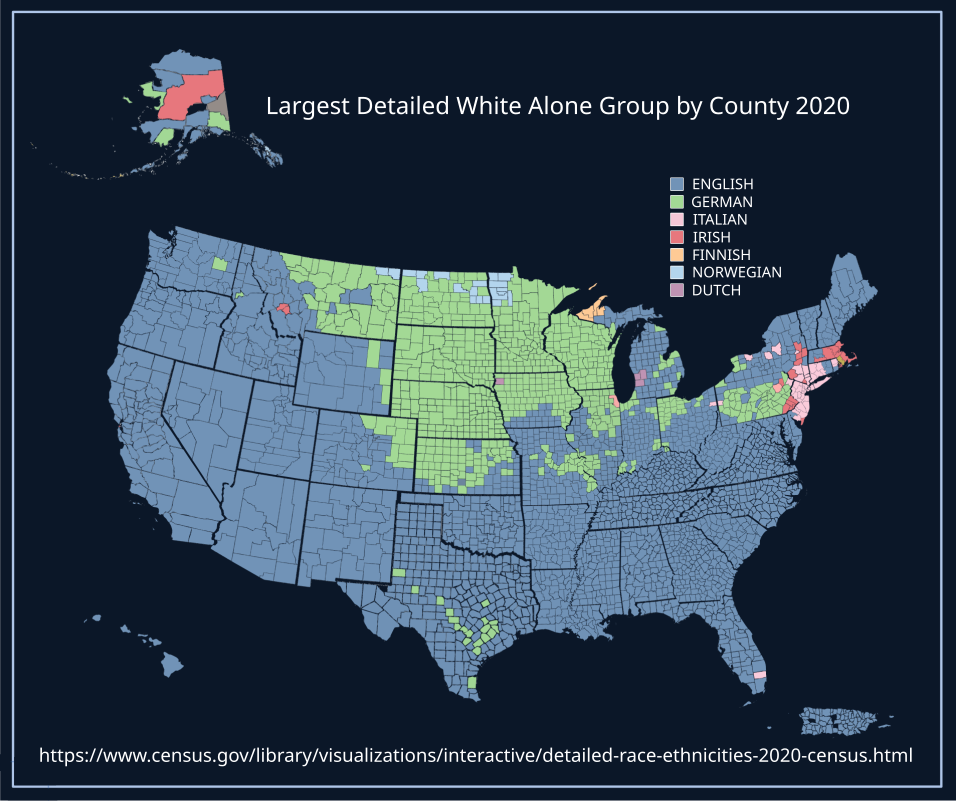 >>533374813It looks more like this, and in 2030 will be much smaller again, and is shrinking all of the time as Boomers die out. You had a good 30 years from 1990-2020 of larping as the main white demographic, but in all of those Census surveys Germans were declining, as it was always a bullshit identity based on being partially German, and the Census questionnaire being deliberately altered to effect the outcomes (such as removing English as an ethnicity on the 'examples' while listing German first, which was discussed after the 1980 census had English at #1, so it was a deliberate policy, then the addition of the American ethnicity in 1990 for the same reason. Most Midwest states have English as their official language, and everyone speaks English, and Germans have no states, no official language in any state, nor do any states have German law.So not only do Germans have Europes lowest birthrates, and a country 1/3 smaller than it was 100 years ago, you put all of your eggs in the basket of desperately wanting America to be German but even the most German states are English in every way, from dominating the top 1000 surnames, to language and culture. It is the total cultural and genetic victory of English people over Germans, that even as Germans are the #2 demographic in America they're still mixed with Anglos, still speaking English and living in an republic founded by Brits. When German Americans celebrate July 4th, they celebrate British colonists defeating a Hannovarian monarch and his German mercenaries. In fact the only German ever mentioned anywhere in the founding documents of America, is the tyrant King George III.
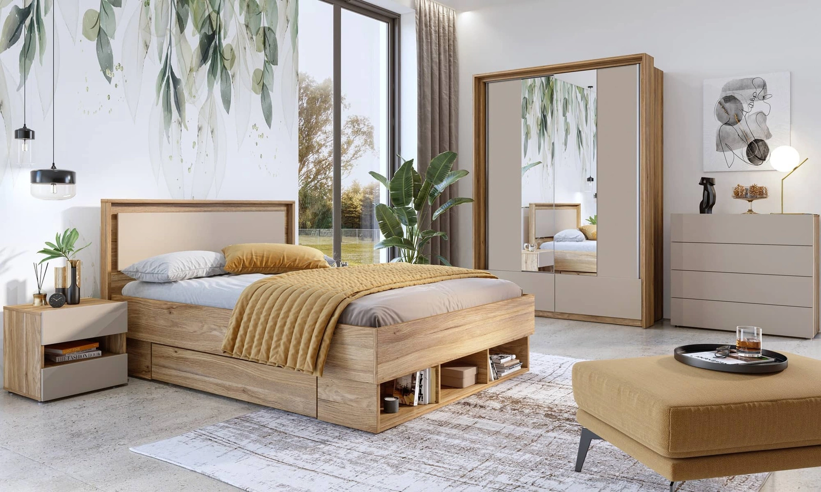 Zestaw mebli do sypialni Impressio dąb mauvella / ciemny beżowy eleganckie i uniwersalne meble do sypialni w nowoczesnym stylu pojemne szuflady
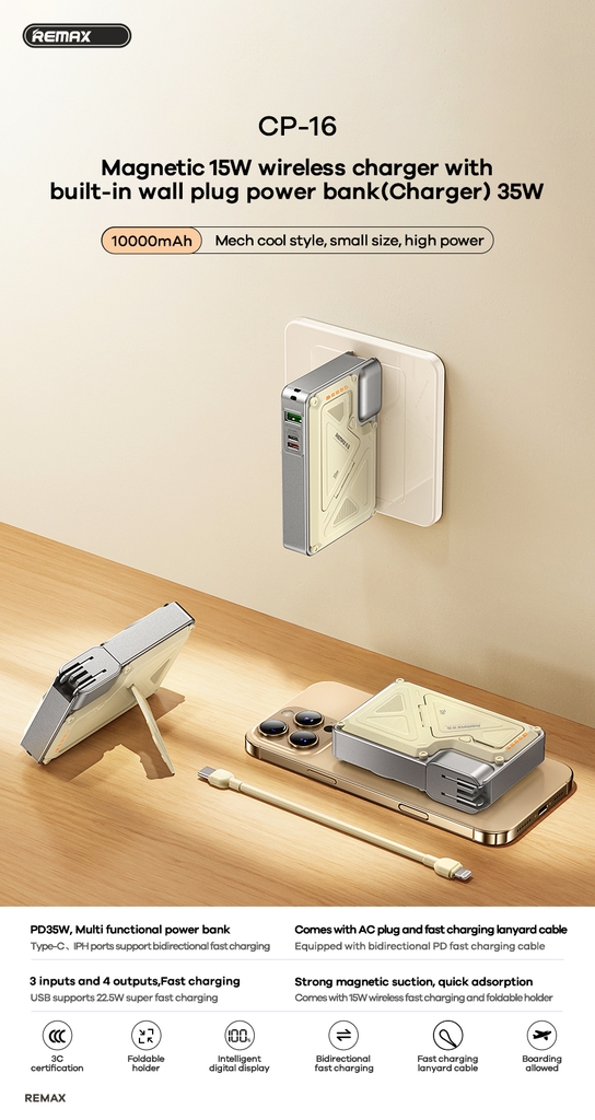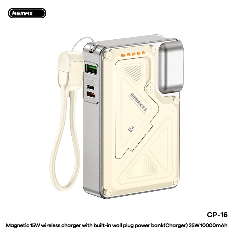 Pin sạc dự phòng REMAX CP-16 10.000mAh sạc không dây 15W sạc dây 35W tích hợp phích cắm 220v chính hãng [BH 1 Năm]
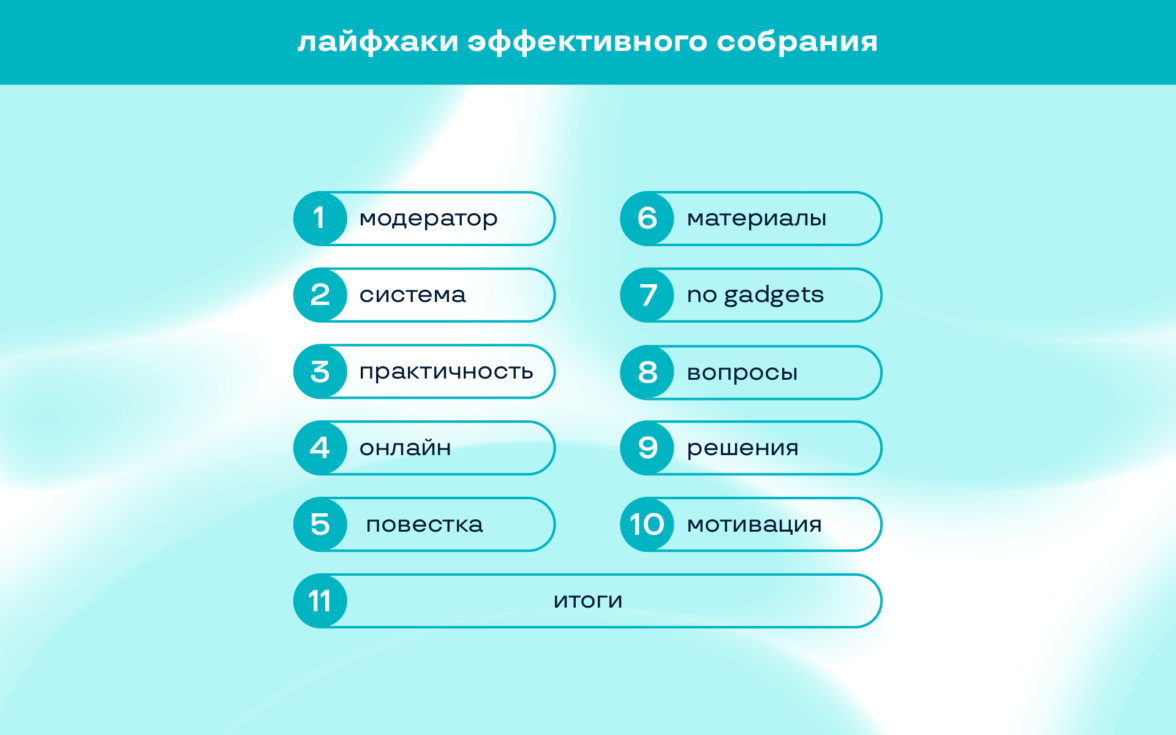 умения структурировать, ведь собрания предполагают обязательную подготовку;

- [PROBLEM TO WORK ON]:
A word-for-word repeat is expected of the lines from the one with "Zestaw mebli do" to the end of the data, both included; pictures are not part of it.

- [WRITTEN RESPONSE]:
 Zestaw mebli do sypialni Impressio dąb mauvella / ciemny beżowy eleganckie i uniwersalne meble do sypialni w nowoczesnym stylu pojemne szuflady
 Pin sạc dự phòng REMAX CP-16 10.000mAh sạc không dây 15W sạc dây 35W tích hợp phích cắm 220v chính hãng [BH 1 Năm]
 умения структурировать, ведь собрания предполагают обязательную подготовку;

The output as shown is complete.